Abstract: This paper
looks at the birth of the Catholic Patriarchate of Ethiopia, a "joint-venture"
between the Portuguese crown, the Holy See and the Jesuit order, founded
in the second half of the 16th century. It begins by focusing on the
first years of the Jesuit order at the Portuguese court. This is followed
by an inquiry into the reasons and occasions for the Portuguese Crown's
decision to change its policy towards the Ethiopian monarchy and send
religious missionaries instead of the traditional diplomatic visits.
The author contends that the engagement of the Jesuit fathers in tasks
that before had belonged merely to diplomats was linked to the contemporary
crisis endured by the Estado da India. The Jesuits, with their optimism
and ambitious goals, offered the Crown the prospect of overcoming
its chronic shortage of means and people.
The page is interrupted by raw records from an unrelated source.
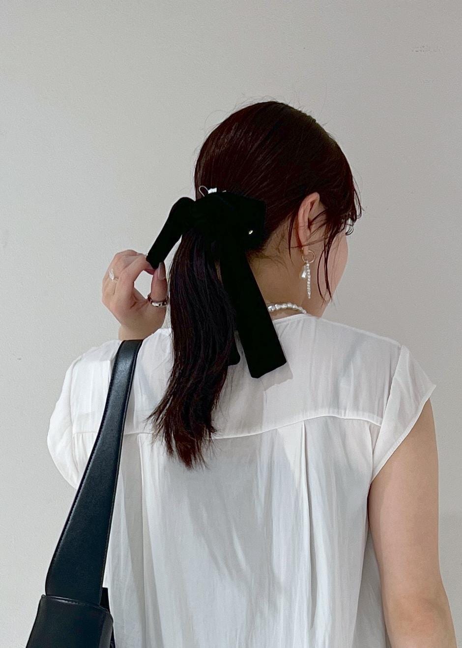VISベロアリボンヘアカフブラック / F¥2,189レビューくくった髪の毛に差し込むタイプなので、楽に付けれます◎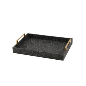 leopard print rectangular tray with metal handles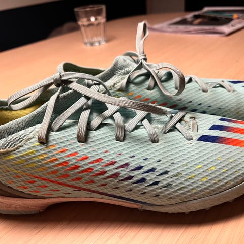 Adidas X Speedflow fotballsko i størrelse 35. Fargene inkluderer hvit, rød og neon gul. Skoene har knotter under sålen for bruk på gressbaner/kunstgress. Materialet er lett og designet for fotballspillere.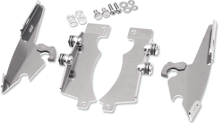 Angle Adjustable. Model specific no-hassle installation, then on-off without tools. A pair of glass-filled nylon latches lock it down until the spring loaded "Trigger-Locks" are intentionally disengaged. Made exclusively of electrocoated aluminum and stainless steel, with stainless steel fasteners. Anchoring hardware is the same for all windshields and fairings for each bike. Made in the U.S.A..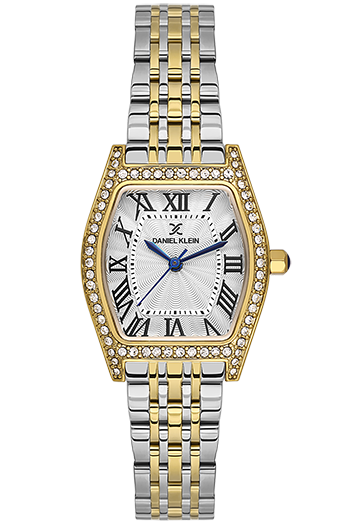 Reloj analógico para mujer DANIEL KLEIN DK-14106-3, Con esfera blanca, caja y correa de acero bicolor. 27 mm.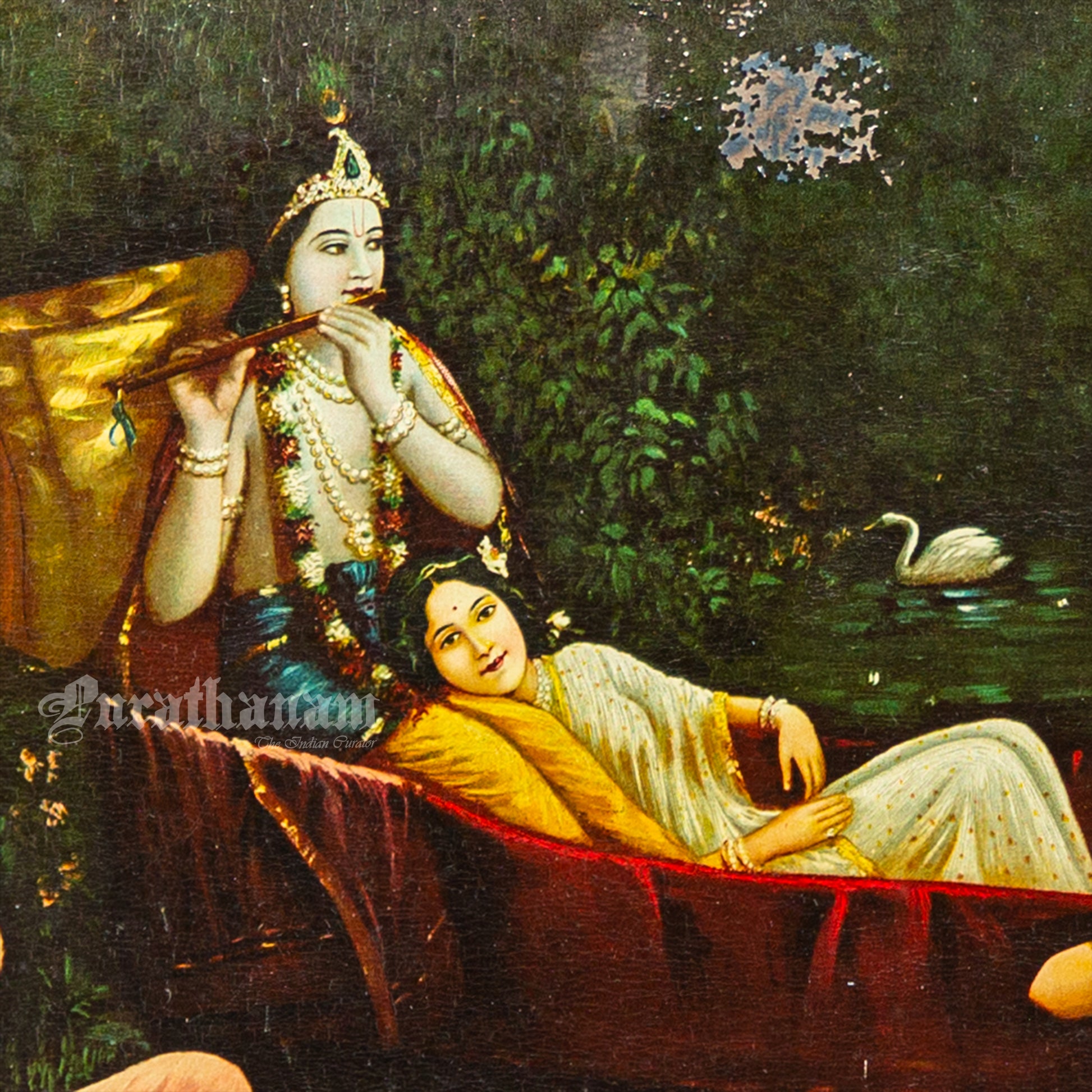 This is an oleograph print from 1928 of Ras Kreeda by Vasudeo Hiralal Pandya an Indian painter.

The global dominion that
the Lusitan rulers sought could be attained with the help of a religious
order that proposed to do something similar, a global conversion and
reform; a project at the very center of which was placed the mission
to the "Prester John".
- "Prestige Considerations and the Changing Interest of the Portuguese
Crown in Sub-Saharan Atlantic Africa, 1444-1580" (Pp. 15-36),
de Ivana Elbl, do Trent University, Peterborough, Ontario, Canada.
Abstract: The article
explores the role of prestige-seeking in the ups and downs of Portuguese
interest in sub-Saharan Africa and in the value the Portuguese Crown
put on cultivating diplomatic relations with the various African state
in the fifteenth and sixteenth centuries. After decades of stressing
and pursuing relations with Africa, Portugal downgraded and came to
neglect the African diplomatic scene from the late 1510s onward. Interest
then increased again, temporarily, in last quarter of the sixteenth
century. What had declined was not so much the economic importance
of sub-Saharan Africa, but its prestige and propaganda value. The
economic and strategic significance of Portuguese involvement in Africa
remained, but prestige had suffered. The discrepancy between the material
utility and the perceptions of the Portuguese expansion in Africa
raises a number of questions about the array and nature of forces
behind the overseas expansion, and about the role of prestige as socio-political
motivator. The dynamics of the Portuguese valuation of contacts with
Africa demonstrate that in the era of the overseas expansion prestige
was an important power-generating instrument and its acquisition was
a vital objective in itself.
- "The February 1953 Massacre
in São Tomé: Crack in the Salazarist Image of Multiracial
Harmony and Impetus for Nationalist Demands for Independence"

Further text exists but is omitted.